Christmas didn’t work out well for me. It was upon planning to buy some Christmas gifts for my nephew and niece that I came to the stark realization that, due to my bank balance, I will need to give them batteries with a note saying ‘toys not included’.
Women say shopping is like sex, and I would agree. I lasted about five minutes and then felt instantly tired. Though I admit that’s a lie, the real reason I stopped shopping so early was that I was browsing through Primark… and a customer mistook me for an employee. I came home and just fell into bed in disgrace.
I stay clear of do-it-yourself gifts too. Due to my dyslexia and dyspraxia (and yes it took three attempts to type that) I now no longer buy self-assembling furniture. My last computer desk was more of a tie rack and I am paranoid if I go to buy a pillow from IKEA they will just give me a bag, a duck and some instructions.
And yes, I will call this period that has been Christmas, not Xmas… Xmas sounds like it should be treated with ointment. Boxing Day wasn’t much more fun. A small number of the guests were recovering alcoholics so there was a wee bit of offence upon the suggestion of cold turkey.

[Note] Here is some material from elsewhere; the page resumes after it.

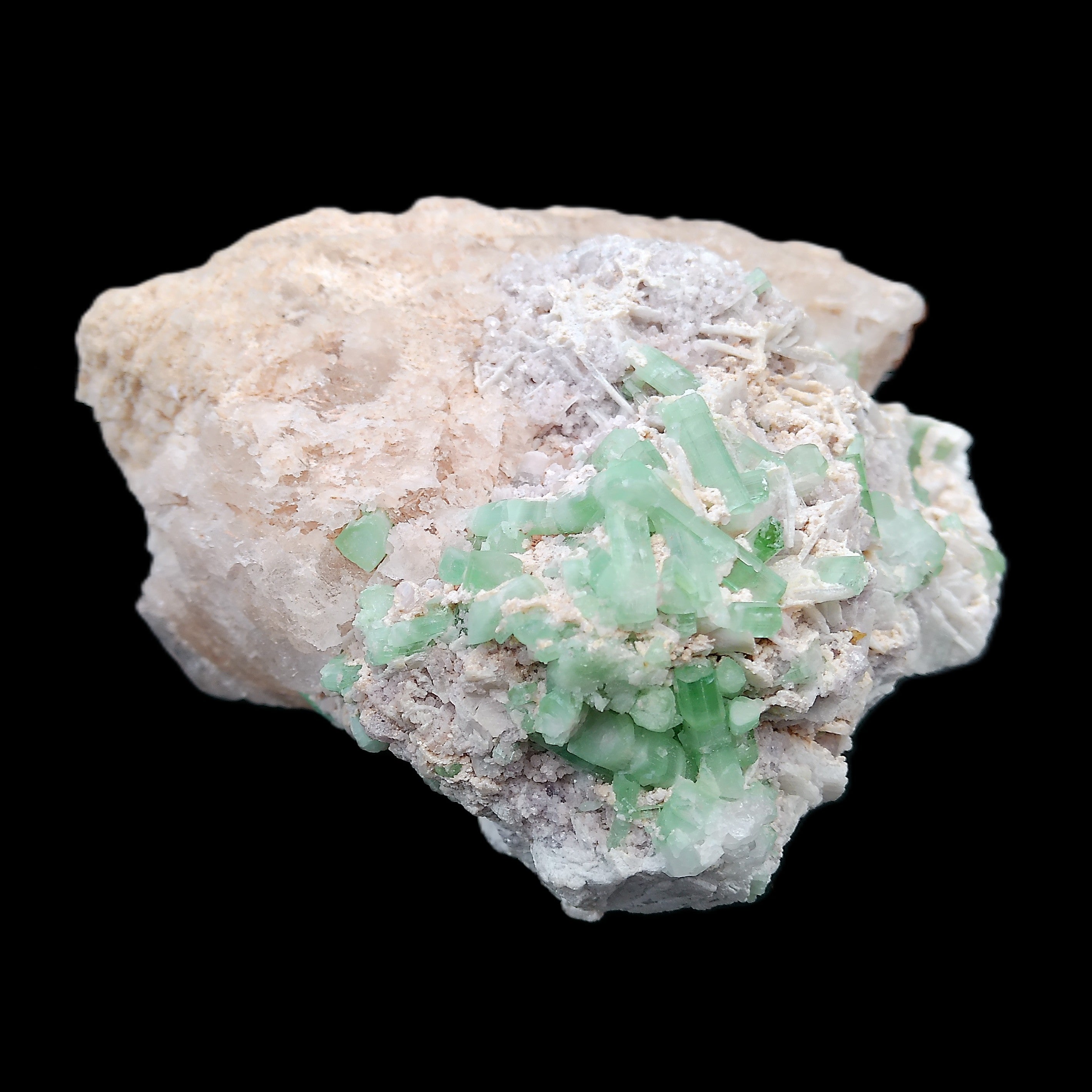 This magnificent Green Tourmaline, Kunzite, Lepidolite plus more specimen 140m weighs 2035g. It measures 140*140*80mm. Green Tourmaline is a beautiful complex lithium-rich borosilicate mineral. Elbaite usually forms as elongated rods or prismatic crystals that are heavily striated. Green (and blue) Elbaite crystals are often pleochroic, which means that the crystal appears darker in colour when viewed along its vertical axis, compared to viewing along its horizontal axis. Elbaite is an igneous mineral that almost always forms in granite pegmatites.

It is now, a week after Christmas, that I have discovered that I’ve put on a little ‘holiday weight’. This discovery came after dinner when I slumped upon a lovely bean bag only to discover… there was no bean bag.
We don’t do stockings this Christmas either since mum thought it amusing to just stuff them with odour-eaters. I was, however, always grateful for my gifts as a child but never had the guts to tell my parents what I really wanted… real-estate.

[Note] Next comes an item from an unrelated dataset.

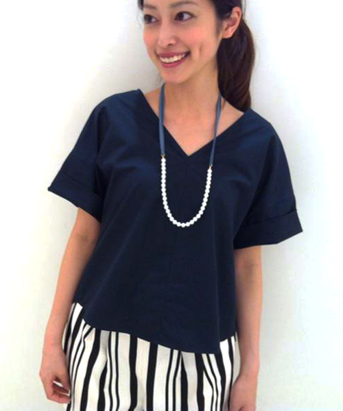 Vネックの大きく開いた首元で顔周りはきりっとした印象ですが、袖やシルエットはふんわりと優しい印象になり、大人かわいい女性になるブラウス。着丈がすっきりとしているので、ボトムスを選ばずに着ていただけます。 ※コサージュ、ネックレスは付属しておりません。

I am thankful I can now drink over the Christmas period. Whereas before I would see one Santa, this year I saw three. I loved the Christmas tree too, I feel I could connect with it on an intellectual level plus in both our cases our balls are just for decoration.
Despite how you may perceive me in my writing or in person, I am always awkward at parties, especially over the festive period. I am uncomfortable about the crowds of people and how they have changed more and more with each year. This is especially prominent in the gay scene where I am seeing more familiar face-lifts now than faces.
Too often the most fun part of a party is being able to have the invitation on your Facebook wall. Though nothing infuriates me more than not being invited to a party I would have hated to go to anyway. One main reason I am terrified of parties is the possibility of using the toilet, flushing it and the water rising unexpectedly… this is scarier to me than treading an ill-fated Lego brick.
I am still, however, waiting to find a beautiful hibernating hedgehog as I find nothing could be more delightful than training it to scuttle up and down my table as a magnificent mobile-cheese-and-pineapple-nibble-dispenser. If I ever do go missing at a party however it is likely you will find me in the ‘spare room’ underneath the pile of guests coats. I exhaust easily under the pressure of being remotely interesting.